Figure 2 Midlife is the best intervention window for Dendrobium officinale extract to extend lifespan. A: Dendrobium officinale extract (DOE) intervention duration screening strategy for nematodes; B: DOE intervention duration screening strategy for flies; C: Survival curve of DOE treatment for 4 days in nematodes (n = 90 nematodes); D: Survival curve of DOE treatment for 20 days in female flies (n = 150 flies); E: Survival curve of DOE treatment for 20 days in male flies (n = 150 flies); F: Comparison of the average lifespan extension rate of nematodes after 2 days, 4 days, 8 days, and lifelong treatment with DOE (n = 3); G: Comparison of the lifespan extension rate of female flies after 10 days, 20 days, 30 days, 40 days, and lifelong treatment with DOE (n = 3); H: Comparison of the lifespan extension rate of male flies after 10 days, 20 days, 30 days, 40 days, and lifelong treatment with DOE (n = 3); I: Staged DOE intervention strategies in nematodes; J: Staged DOE intervention strategies in flies; K: Survival curve of DOE midlife intervention for 4 days in nematodes (n = 90 nematodes); L: Survival curve of DOE midlife intervention for 20 days in female flies (n = 150 flies); M: Survival curve of DOE midlife intervention for 20 days in male flies (n = 150 flies); N: Comparison of the mean lifespan after intervention with DOE in the early, midlife, late, and lifelong stages in nematodes (n = 3); O: Comparison of the mean lifespan after intervention with DOE in the early, midlife, late, and lifelong stages in female flies (n = 3); P: Comparison of the mean lifespan after intervention with DOE in the early, midlife, late, and lifelong stages in male flies (n = 3).

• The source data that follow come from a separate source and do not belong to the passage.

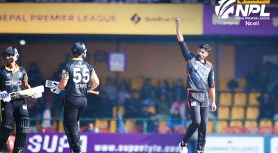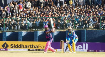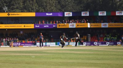 काठमाडौं । नेपाल प्रिमियर लिग (एनपीएल) क्रिकेट अन्तर्गत मंगलबार बिहानको खेलमा सुदूरपश्चिम रोयल्सले विराटनगर किंग्सलाई १८३ रनको चुनौती दिएको छ ।कीर्तिपुरस्थित त्रिभुवन विश्वविद्यालय (टियु) मैदानमा टस हारेर सुदूरपश्चिमले ब्याटिङको निम्तो पाएको सुदूरपश्चिमले पूरै २० ओभर खेल्दै ७ विकेटको क्षतिमा १८२ रन बनाएको हो । सुदूरपश्चिमका लागि कप्तान दीपेन्द्रसिंह ऐरीले शानदार अर्धशतक पूरा गरे । उनले…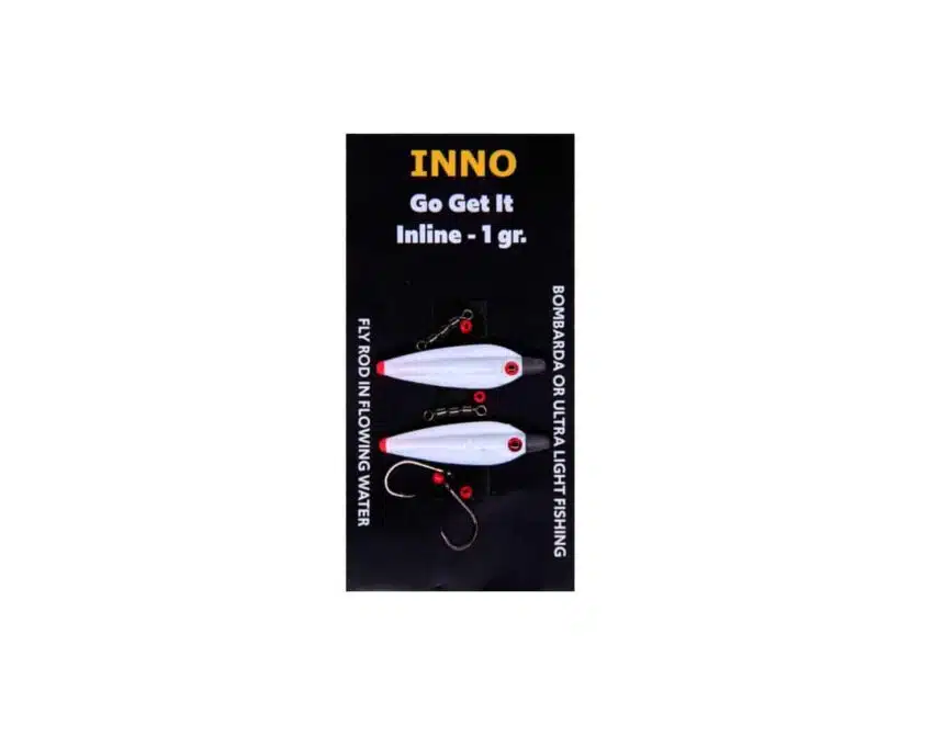 INNO Go Get It er en 3,6cm lang gjennomløper (inliner) med tungstens hode og gummiende til beskyttelse av knuten, veier kun ètt gram og kan derfor fiskes veldig sakte med små rykk eller hurtig med spinn-stopp på kysten etter bombarda duppen. Den er suveren også på fluestang i rennende vann hvor den går superfrekt, helt annerledes enn flue. Go Get It blir ditt nye våpen til vanskelig fisk.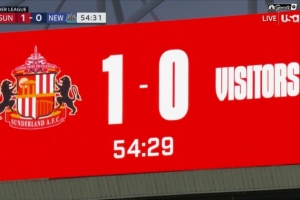 體育資訊12月15日訊 桑德蘭在本輪英超1-0擊敗紐卡,而現(xiàn)場(chǎng)畫(huà)面可以看到,桑德蘭沒(méi)有將死敵紐卡的隊(duì)名和隊(duì)徽放到記分牌上。
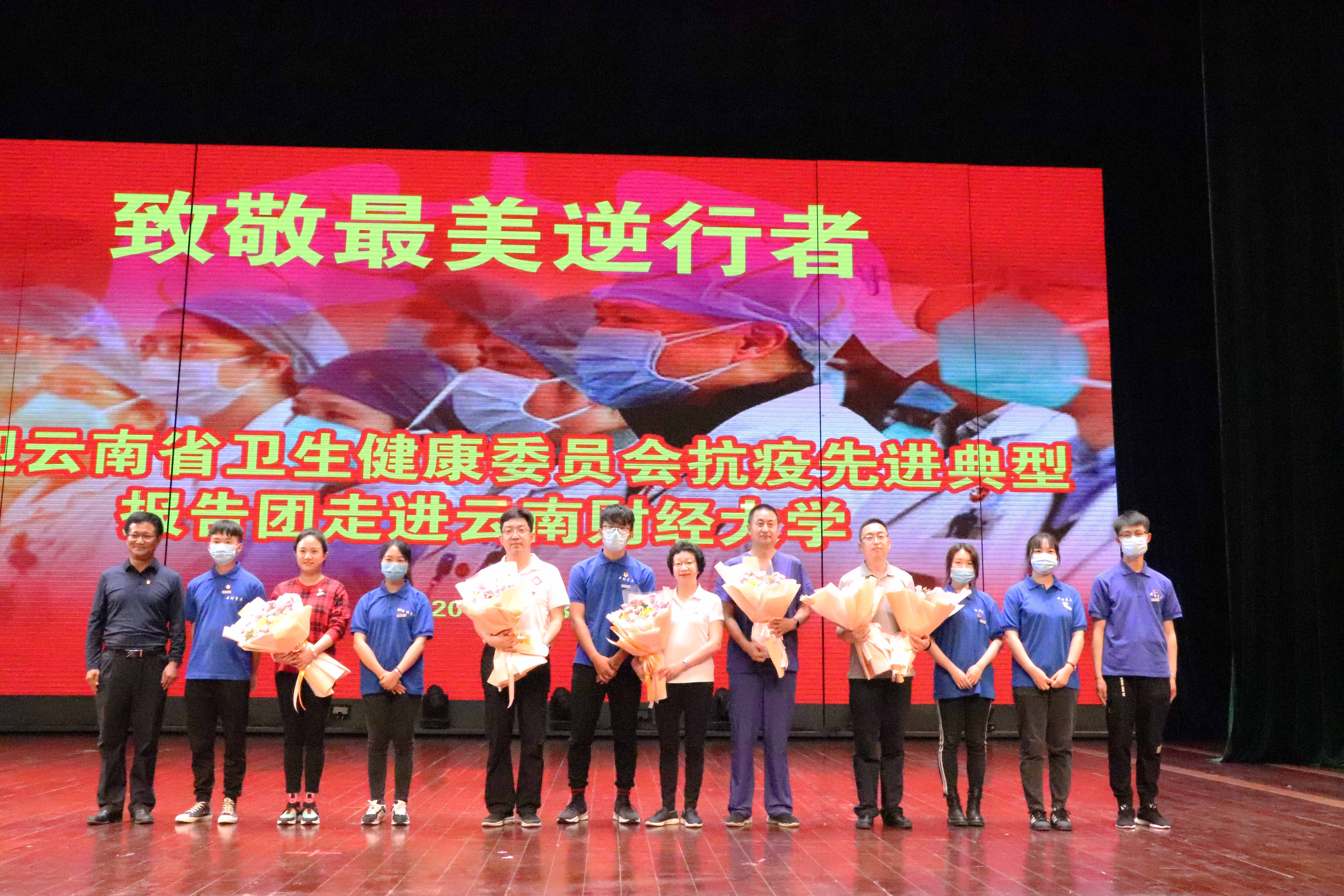 6月28日下午,“致敬最美逆行者”云南省卫生健康委员会抗疫先进典型报告团走进beat365英国官方网站,5位援鄂医疗队员通过分享自己的抗疫经历和心路历程,用真挚的情感和朴实的语言,从不同角度、不同侧面深情讲述了云南医疗队援鄂抗疫的感人事迹,诠释了共产党员的初心和使命,为云财师生党员上了一堂生动的专题党课。

The data are expressed as the mean ± SD. Data were analyzed by log-rank test (survival) or one-way analysis of variance with post-hoc test (multiple comparisons). ^aP < 0.05 vs control group in nematodes. ^bP < 0.01 vs control group in flies. ^cP < 0.0001 vs 2-day group in nematodes. ^dP < 0.0001 vs 10-day group in flies. ^eP < 0.01 vs control group in nematodes with midlife intervention. ^fP < 0.001 vs control group in flies with midlife intervention. ^gP < 0.001 vs midlife group in nematodes. ^hP < 0.0001 vs midlife group in nematodes. ⁱP < 0.01 vs midlife group in flies. ^jP < 0.001 vs midlife group in flies. ^kP < 0.001 vs midlife group in flies. DOE: Dendrobium officinale extract.

Figure 3 Dendrobium officinale extract midlife intervention extends healthy lifespan. A: Motility in nematodes after staged Dendrobium officinale extract (DOE) intervention (n = 90 nematodes); B: Pumping frequency in nematodes after staged DOE intervention (n = 90 nematodes); C and D: Intestinal atrophy in nematodes after staged DOE intervention (n = 90 nematodes); E and F: Intestinal leakage in nematodes after staged DOE intervention (n = 90 nematodes); G and H: Microbial colonization capacity in nematodes after staged DOE intervention (n = 90 nematodes); I: Food intake in flies after staged DOE intervention (n = 3); J: Reproductivity in flies after staged DOE intervention (n = 3); K: Climbing number in flies after staged DOE intervention (n = 3); L and M: Intestinal integrity in flies after staged DOE intervention (n = 3). The data are expressed as the mean ± SD. Data were analyzed by one-way analysis of variance with post-hoc test (multiple comparisons). ^aP < 0.05 vs control group. ^bP < 0.01 vs control group. ^cP < 0.001 vs control group. ^dP < 0.0001 vs control group.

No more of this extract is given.